● Exercise: Below are some records. Return exactly their lines from the one containing "В процессе опытно-экспериментальной" through the one containing "- 刺繍がかわいい!ベビー用防水よだれかけ5枚組です。", and drop the pictures.

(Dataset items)
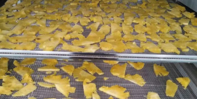 切好的菠蘿片進入熱泵烘干系統里烘干的過程,可以分成5段完成,一段,烘干,不除濕,時間1.5個小時,內外溫度一致,溫度50度,二階段,溫度53度,開始連續除濕,除濕到40%,第三階段溫度58度,連續除濕,濕度26%,第四階段溫度55度,濕度20%,連續除濕,第五段溫度48度,濕度18%,連續除濕1小時,烘干完成。
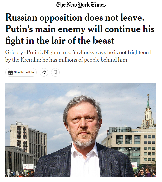 Вы бы ещё сказали "Навальный не политик, посмотрите интервью Путина". Как раз Навальный политик, он занимается активной политической деятельностью, даже из тюрьмы, а вот тактика Явлинского это забиться в тёмный глухой угол и не отсвечивать, а там глядишь всё само рассосётся. Явлинский, в своё время будучи лидером главной оппозиционной партии просрал все полимеры, растерял всю популярность и не делал вообще ничего, разве что изредка наезжал на Навального и призывал сидеть тихо и не рыпаться, что играет на руку Путину.
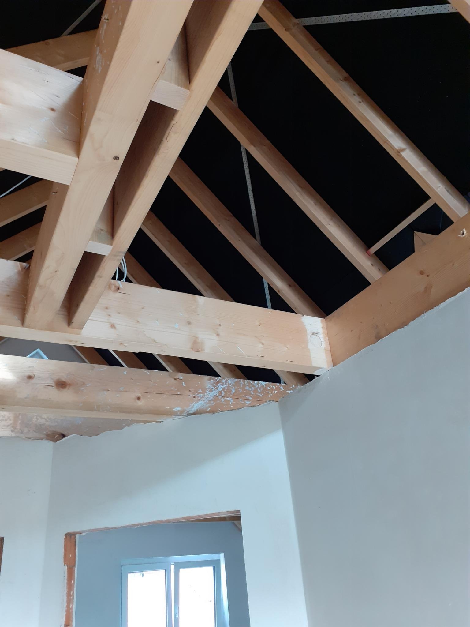 Vergangene Woche stellte jemand von unserer Treppenfirma fest, dass der Dachbalken nicht auf der Wand liegt. Selten, aber doch relativ unkompliziert. Kleine Fehlkonstruktionen können halt mal passieren.
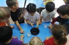 В процессе опытно-экспериментальной деятельности ребята получили представление о том, что воду можно собирать различными предметами: губкой, пипеткой, резиновой грушей. Капелька путешествовала из одной ёмкости в другую. Опускали в воду губку, затем отжимали её в тарелочки. Набирали воду резиновой грушей и пипеткой, переливали в стаканчик. Ребята узнали, что собирать воду пипеткой очень долго, а резиновой грушей и губкой быстрее.
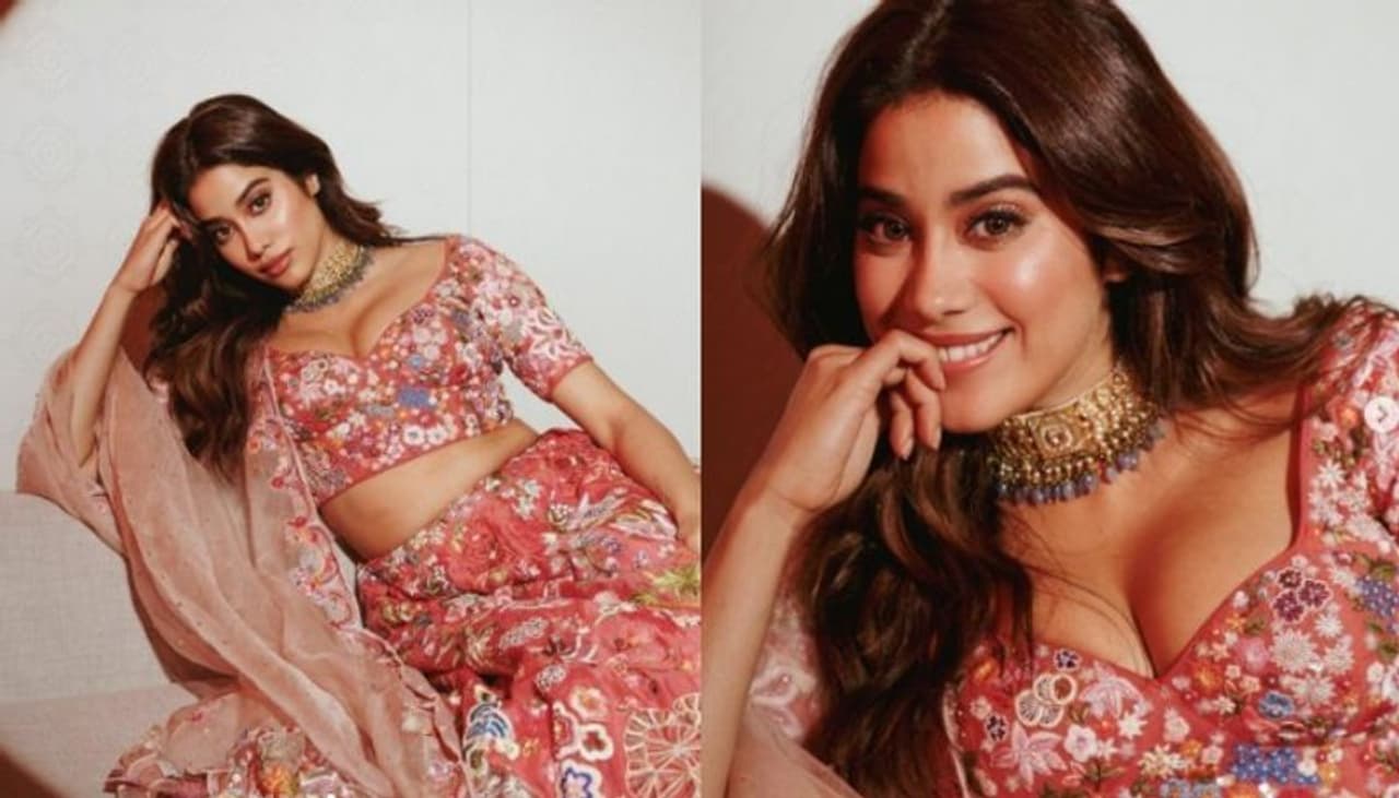 ജാന്വി തന്നെയാണ് ചിത്രങ്ങള് തന്റെ ഇന്സ്റ്റഗ്രാമിലൂടെ പങ്കുവച്ചത്. ഫ്ലോറൽ ഡിസൈനിലുള്ള പിങ്ക് ചോളി ലെഹങ്കയില് മനോഹരിയായിരിക്കുകയാണ് ജാൻവി. ഡീപ് നെക്കുള്ള ബ്ലൗസ് ആണ് ഔട്ട്ഫിറ്റിന്റെ പ്രത്യേകത.
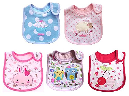 - 刺繍がかわいい!ベビー用防水よだれかけ5枚組です。
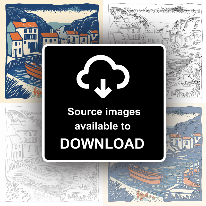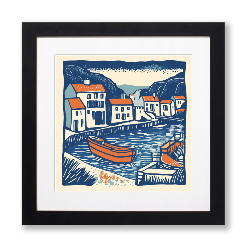 Immerse yourself in the serene charm of Polperro Harbour, captured beautifully in this vibrant lino-print artwork. This piece is part of our ‘UK Picturesque Harbours and Beaches’ collection, illustrating the quaint essence of this Cornish village. The artwork showcases a tranquil harbour with classic whitewashed buildings featuring orange-hued roofs nestled along the water’s edge. A solitary orange boat gently rests on the rippling blue waters, embodying the harmonious blend of man-made and natural elements. The surrounding hills cradle the village, painted in rich blues and greens, emphasizing the serene coastal landscape. Ideal for any lover of coastal scenery or Cornwall's unique beauty, this piece is available framed in either black or white, and in two sizes: 36cm or 46cm square. Additionally, enthusiasts can download the source images, including line drawings and sketches, to create their own lino prints, providing an engaging artistic experience. This artwork is more than just a print—it's an invitation to explore and express creativity.
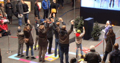 游客站在指定的范围内摆动双臂、跳跃或左右挪动身体,都会被程序捕捉,反馈给AR系统,接着圣诞老人和可爱的雪人就会出现在屏幕上,等待着和游客一起堆雪人、滑雪橇。
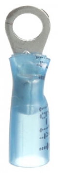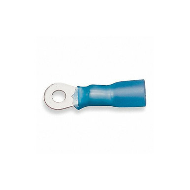'Ring Terminal, Insulation Type Heat Shrink, Stud Size #10, Wire Range 16 to 14 AWG, Insulation Color Blue, Seam Brazed, Max. Temp. 221 Degrees F, Max. Voltage 600V, Overall Length 1.000 In., Connection Material Copper, Standards UL Listed, CSA Certified, Terminal Connection Crimp, Tongue Width - Wire Connector 0.31 In., Package Quantity 25'
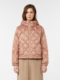 DETAILS Short, goose-down jacket with drawstring hood and all-over quilted diamond motif. Jacket in water-repellent tech fabric Boxy line Set-in sleeves with elasticated cuff Front zip closure Motif pockets with side entry Adjustable drawstring at the hem COMPOSITION AND CARE Fabric 100% polyester; lining 100% polyester; - exclusive of decoration; with quilting virgin down. Machine wash cold delicate cycle; do not bleach; do not tumble dry; line drying in the shade; cool iron; professionally dry clean perchloroethylene - mild process.; home washing: wash in lukewarm water with a gentle wash machine program. use liquid detergent with neuter ph. rinse several times until clear water is discharged. dry away from direct heating. squeeze and stretch to favor volume recovery.; wash the garment while it is fastened.; don’t iron the labels.; protect zipper tongue and slide before cleaning.; protect the ends stoppers and/or the cord ends before washing.; contains non-textile parts of animal origin. Distributed by Max Mara S.r.l., registered office in Reggio Emilia (Italy), Via Giulia Maramotti 4, 42124 (IT)
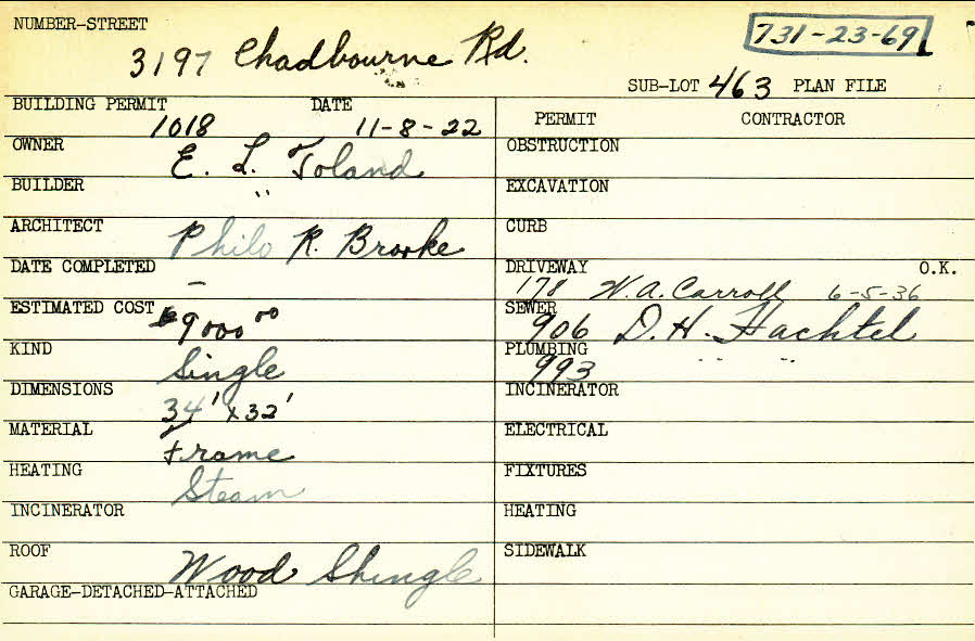 3197 Chadbourne Road Shaker Heights, OH 44120 PARCEL ID: 731-23-069 Building Permit Date: 11-08-1922 Plan File Number: 6029 Microfilm Roll: Roll#80 Neighborhood: Onaway Owner: Toland, E. L. Builder: Toland, E. L. Architect: Brooke, Philo R. Estimated Cost: 9000 Kind: Single, Single Residence or Dwelling Material: Frame Heating: Steam Roof: Wood Shingle |
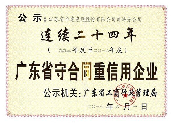 公司连续二十四年被广东省工商行政管理局表彰为“守合同重信用企业”
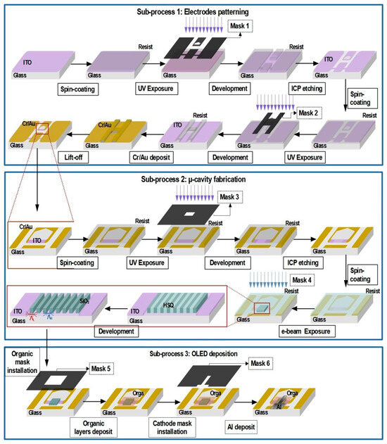The fabrication of the high-speed OLED with integrated mixed-order DFB cavity requires four main sub-processes, which are divided into sub-tasks, as illustrated in Figure 2. In the current work, we further detail, in sub-process 2, the integration of micro-cavity on the anode.
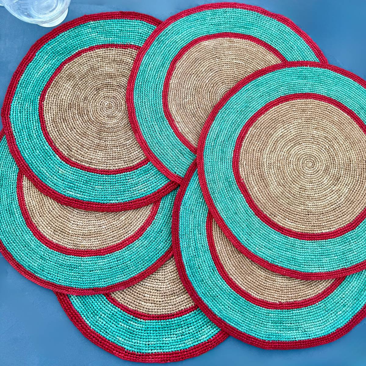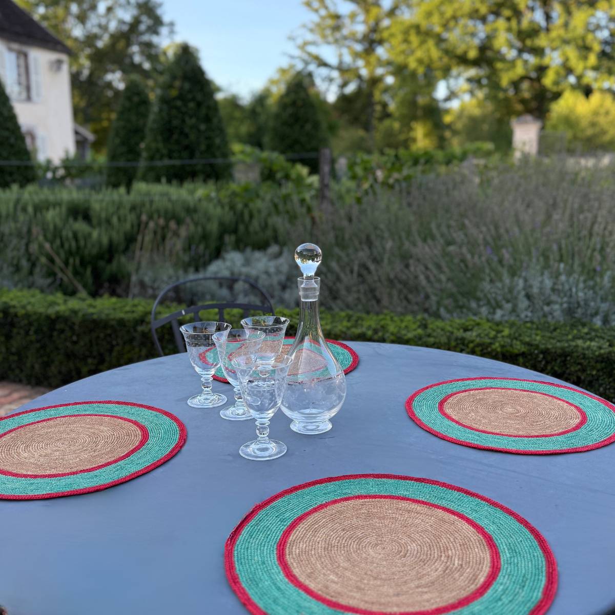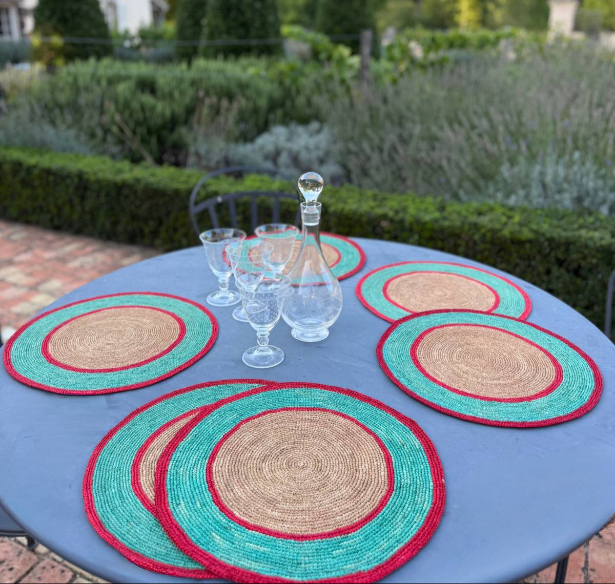 6 x sets de table ronds en raphia naturel bordure épaisse turquoise et fines lignes rouges
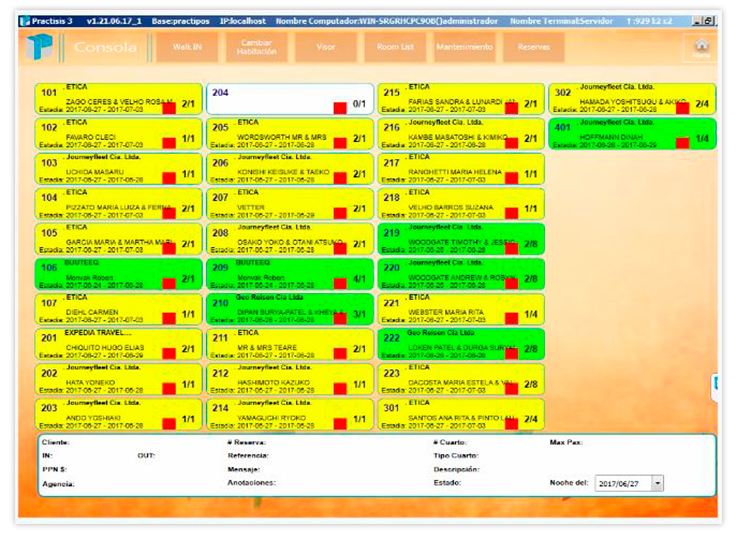 El Roomlist en Practisis permite al personal de reservas, front desk o auditoria nocturna revisar fácilmente el estado actual de las habitaciones.
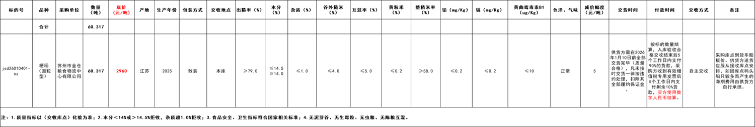 交易價格:采購方存糧點車船板價格。應(yīng)價起點數(shù)量為每個標(biāo)的的全部數(shù)量。起拍價2960元/噸,競拍減價幅度5元/噸,向中標(biāo)方收取成交金額2‰作為手續(xù)費。
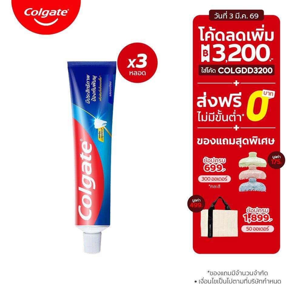 [มี 2 แพ็คให้เลือก] ยาสีฟัน คอลเกต รสยอดนิยม 150 กรัม ช่วยป้องกันฟันผุ Colgate Great Regular toothpaste 150g
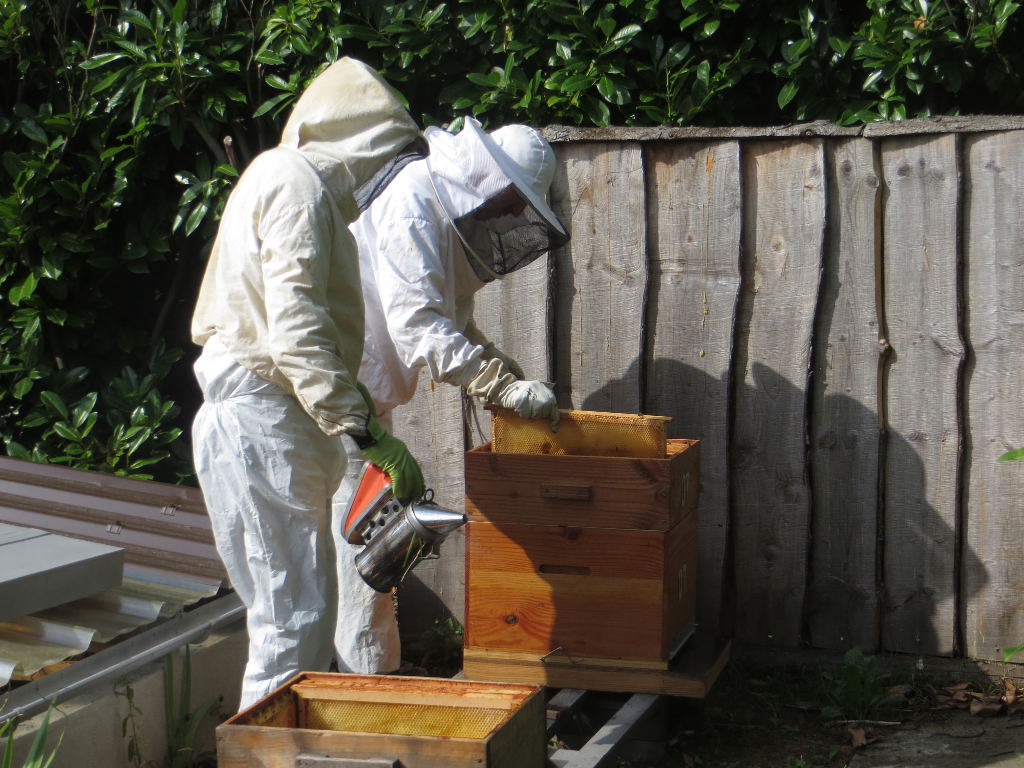 Ça ne commence pas très fort, car sur les sept hausses présentes, seules trois contiennent du miel.
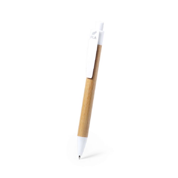 Nature Line Kugelschreiber mit Druckknopfmechanik. Kombination aus glänzendem Bambuskörper und Zubehör aus PLA -Poly Milchsäure-, die aus 100% natürlichen Ressourcen wie Maisstärke, Maniok oder Zuckerrohr gewonnen wird und am Ende ihres Lebenszyklus zu 100% kompostierbar ist. Clip mit großer Beschriftungsfläche und in vielen Farben erhältlich, mit blauer Tinte. PLA-Plakette am oberen Teil des Clips.
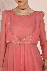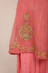 A formal flared frock with a round neckline, intricately adorned with golden embroidery and shimmering sequin accents. The puff sleeves feature delicate gold detailing and sequin work on the hemline. The embroidered koti, finished with tassels, enhances the elegance, complemented by crushed trousers and a matching dupatta, also adorned with tassels, for a sophisticated look.
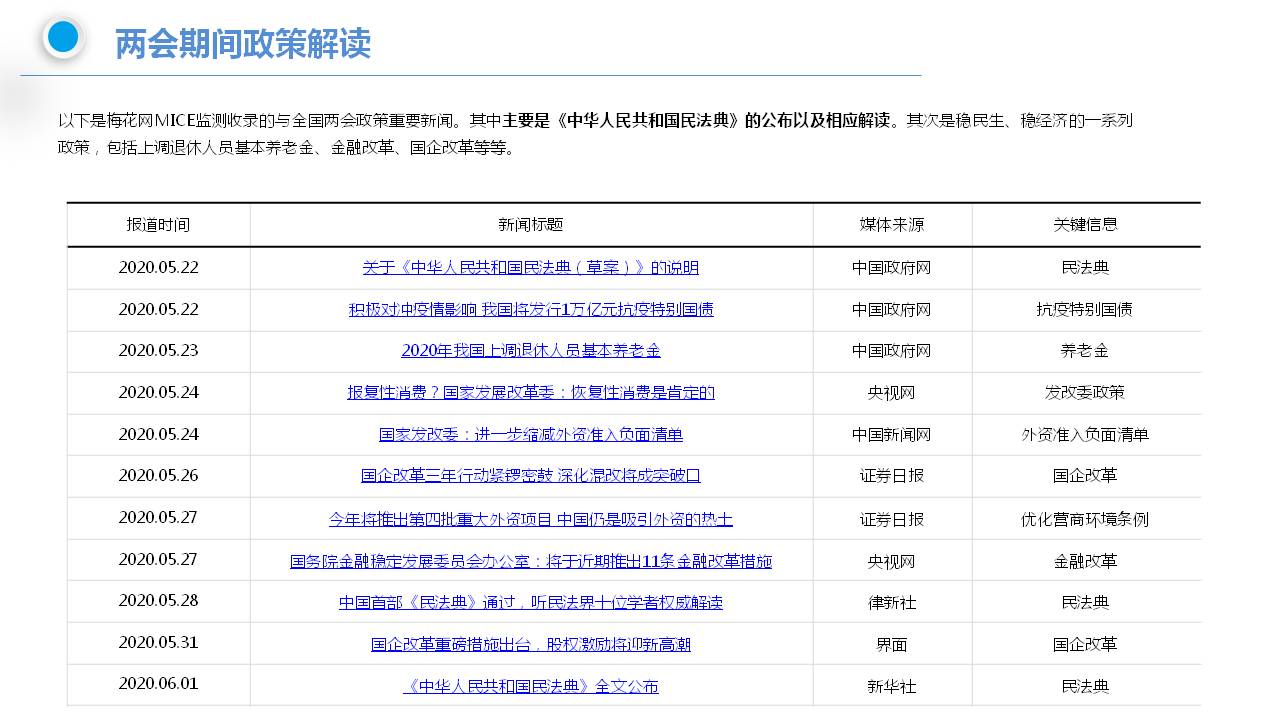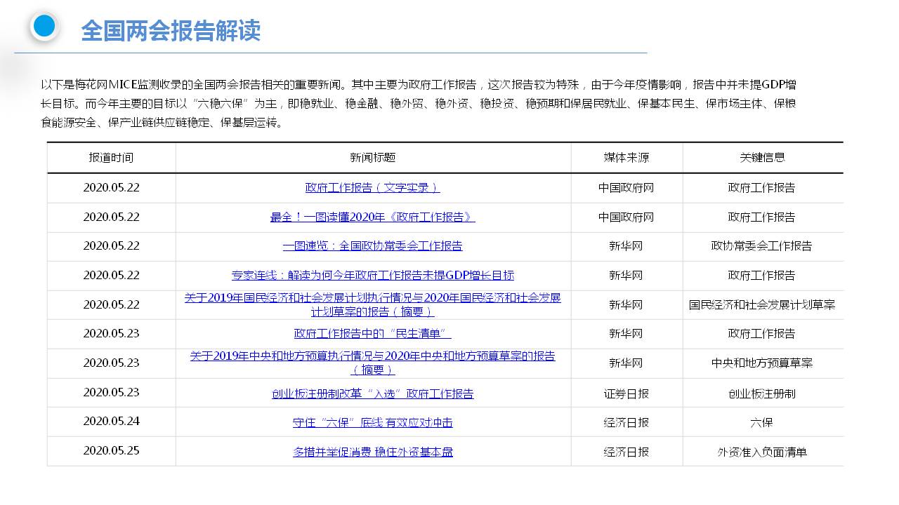 2020年全国两会于5月21日召开,5月28日闭幕。由于今年疫情的影响以及海外动荡的局势,今年的全国两会尤其特殊。此次梅花网制作了两会报告,主旨是希望能汇总对各行业从业人员有用的新闻报道,以供参考。对今年两会所发布的报告、政策和相应的代表提案感兴趣的读者不妨一看。
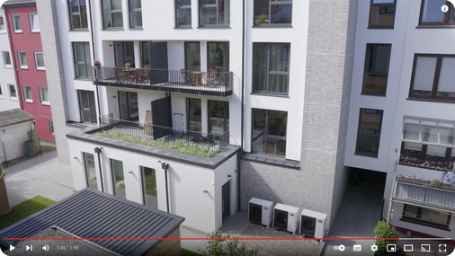 Darüber hinaus ist ein Pufferspeicher in das Anlagenkonzept eingebunden, der die Wärme speichert, bis sie abgerufen wird und auch zur Überbrückung von Sperrzeiten des Stromversorgers genügend Wärme liefert. Gleichzeitig stellt der Pufferspeicher Energie für die Abtauung der Außenmodule im Winter bereit. Das Mehrfamilienhaus verfügt über Fußbodenheizungen, die über ein dynamisches Ventil für den automatischen hydraulischen Abgleich voreingestellt ist und über Einzelraumregler individuell gesteuert werden können.

● Response:
 В процессе опытно-экспериментальной деятельности ребята получили представление о том, что воду можно собирать различными предметами: губкой, пипеткой, резиновой грушей. Капелька путешествовала из одной ёмкости в другую. Опускали в воду губку, затем отжимали её в тарелочки. Набирали воду резиновой грушей и пипеткой, переливали в стаканчик. Ребята узнали, что собирать воду пипеткой очень долго, а резиновой грушей и губкой быстрее.
 ജാന്വി തന്നെയാണ് ചിത്രങ്ങള് തന്റെ ഇന്സ്റ്റഗ്രാമിലൂടെ പങ്കുവച്ചത്. ഫ്ലോറൽ ഡിസൈനിലുള്ള പിങ്ക് ചോളി ലെഹങ്കയില് മനോഹരിയായിരിക്കുകയാണ് ജാൻവി. ഡീപ് നെക്കുള്ള ബ്ലൗസ് ആണ് ഔട്ട്ഫിറ്റിന്റെ പ്രത്യേകത.
 - 刺繍がかわいい!ベビー用防水よだれかけ5枚組です。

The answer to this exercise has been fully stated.